The people who lived in waterfront Codfish Park were integral to the island’s burgeoning tourist industry. They were livery drivers, domestic workers, cooks, ice men, street sweepers, groundkeepers, nannies, and laundresses. The island needed them to function. They came from the Caribbean, Cape Verde Islands, Azores, Portugal, Ireland, the mainland, and even Edgartown.

Today, there is no undesirable place to live on Nantucket. Homes in Codfish Park easily go for over a million dollars. There were two rows of houses that have disappeared since the 1950s, some have been moved further and further back or to other parts of Nantucket, others have been foremoved by the ocean. There is a video that was taken of a house swept out to sea by the No Name Storm, it took only three minutes before the ocean split the house in two. Curtains billowed out the broken windows.
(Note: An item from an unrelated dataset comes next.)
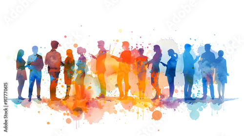 A Group of People Discussing Watercolor Business Solutions with Laptops on Whimsical Background

As the Codfish Park residents were squatters on what had been a public beach, they didn’t hold title to their land. This situation was not dissimilar to the Dune Shacks of the Peaked Hill Bars Historic District, over in Provincetown. The Town of Nantucket eventually dissolved the trust that held the Codfish Park beach cottages in 1993 by a vote of the town meeting body.

This legal limbo that many residents were in makes Codfish Park a challenge for anybody who wants to make sense of the past. The folks who lived here were not in the society pages. They rarely show up in the printed record at all. Even the buildings they lived in moved around, out of harm’s way as the tide inched ever closer.

But they mattered. They still matter.

It was on a recent tour that I was explaining all this to a visitor. They said, “Don’t you think the islanders need the tourists just as much as the tourists need you?”

I guess that’s the big question. All I know is, at the end of that tour, I needed a swim. Luckily, the ocean was right across the street.